Жизнь и судьба палачей: как пытали и казнили в средневековой Риге
Александр Филей
Все профессии хороши, но некоторые из них стоят особняком. В данном случае речь идет о рижских палачах, имен которых никто не мог знать. Кроме тех, кто регулярно выплачивал им оклад. Палачи исполняли заказы магистрата, а для того, чтобы ни одна услуга не осталась неоплаченной, они скрупулезно вели учет и выписывали счета городскому совету. Естественно, каждый счет следовало подписать. Благодаря этому имена и дела заплечных дел мастеров из города на Двине сохранились в истории.

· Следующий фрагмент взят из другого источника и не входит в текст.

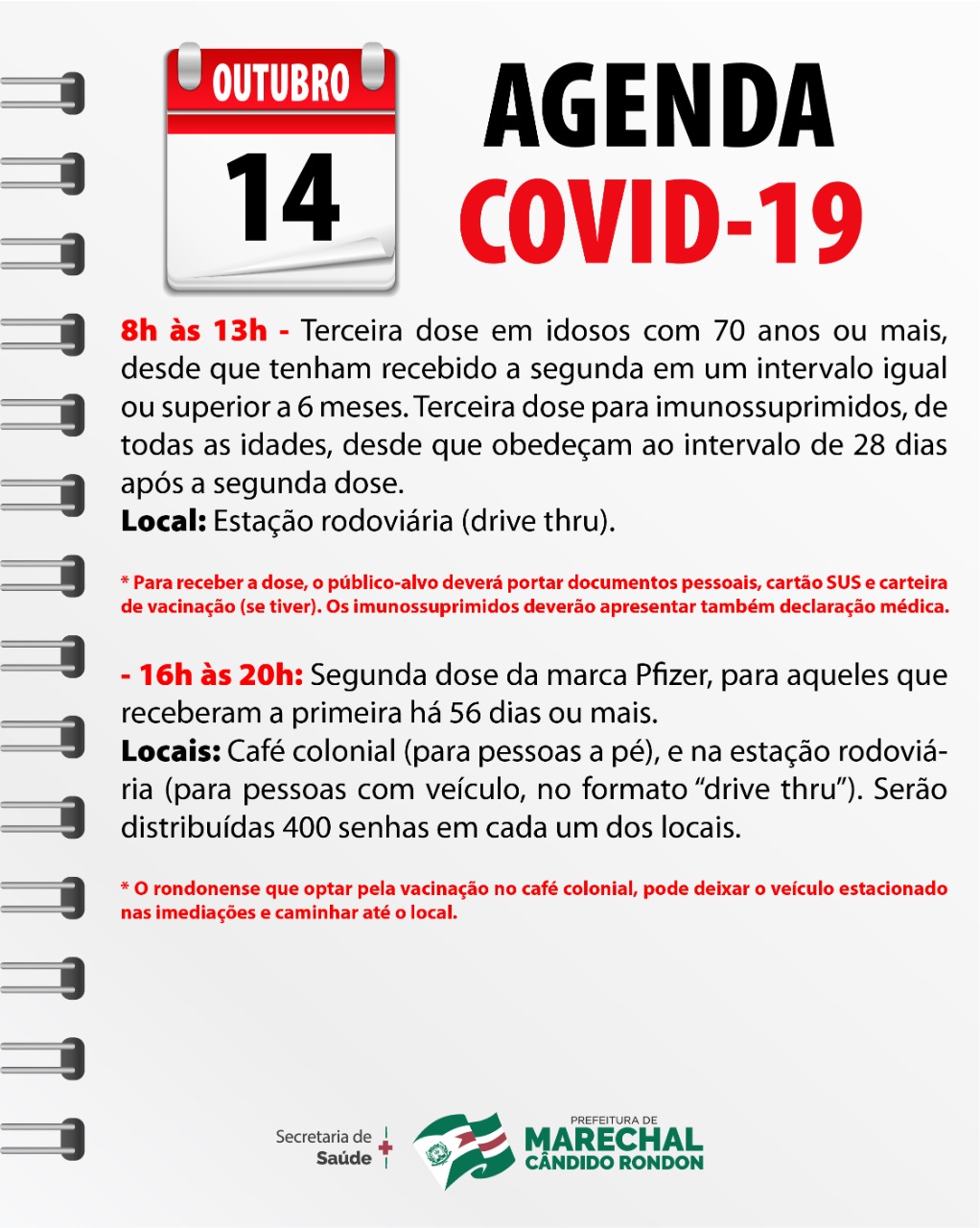A terceira dose da vacina contra a Covid-19 será aplicada, novamente, a dois grupos prioritários nesta quinta-feira (14), em Marechal Cândido Rondon. O atendimento será das 8h às 13h, somente na estação rodoviária (para pessoas com veículo, no formato “drive thru”).

Один из них, Мартин Гуклевен, написал отчет о проделанной работе и предъявил его председателю городского суда 25 марта 1594 года. Отчет выглядит следующим образом: «Казнил мечом Гертруду Гуфнер — 6 марок, казнил крестьянина Томаса — 6 марок, отрубил ухо и выворотил члены вору Генриху — 2 марки, выворотил члены вору Минцу — 1 марка, казнил вора Генриха — 6 марок, повесил вора Мартинга — 5 марок, сжег преступника за фальшивый вес дров — 1 марка 4 шиллинга…» И эпическая формула: «Готовый к услугам Мартин Гуклевен, палач».

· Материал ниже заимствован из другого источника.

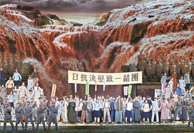 “向着全中国受难的人民,发出战斗的警号!向着全世界劳动的人民,发出战斗的警号!”当《怒吼吧,黄河》雄浑唱响,激流奔腾的河水恍若从天而降,传递着顽强不屈的精神信念。

Обычно приговоры приводились в исполнение на Ратушной площади, но до нее осужденного следовало доставить. Путь бедного грешника пролегал по Яковлевской улице.
В тот момент, когда приговоренного к казни везли на эшафот, должен был громко звонить колокол на церкви Святого Иакова, внушая трепет всем обывателям и давая понять, что лучше быть праведником.
За это он получил прозвище «колокол бедного грешника».
Сам палач, как гласит легенда, жил на улице Трокшню (Шумной) прямо у крепостной стены. До сих пор рижане указывают на маленькое окошко, которое относилось к месту жительства заплечных дел мастера. В некоторых случаях он заранее давал знать, какого рода публичное действо должно произойти на следующий день в его исполнении. Если ожидалась казнь, то на карнизе окна палача можно было увидеть красивую розу. Если же на подоконнике лежала перчатка, то это значило, что вору должны будут отрубить руку или просто сломать ее.
Казнил палач и фальшивомонетчиков всех мастей. Их, самых несчастных из всех преступников, обычно приговаривали к сожжению. Так городские власти с показательной жестокостью боролись с теми, кто имел неосторожность покуситься на их финансовую монополию.
Ремесло палача традиционно причислялось к позорным ремеслам, оттого на их жизнь накладывались ограничения.
Например, палач не имел права жениться. Впрочем, как можно судить по счету, зарабатывал он достойно. Будучи состоятельным горожанином, он не испытывал недостатка в поклонницах. От подобных связей рождались внебрачные дети. По мере взросления отпрыски постигали основы отцовского ремесла и впоследствии становились его ближайшими помощниками. Их называли адъюнктами. Палач и его внебрачные сыновья составляли особый профессиональный цех.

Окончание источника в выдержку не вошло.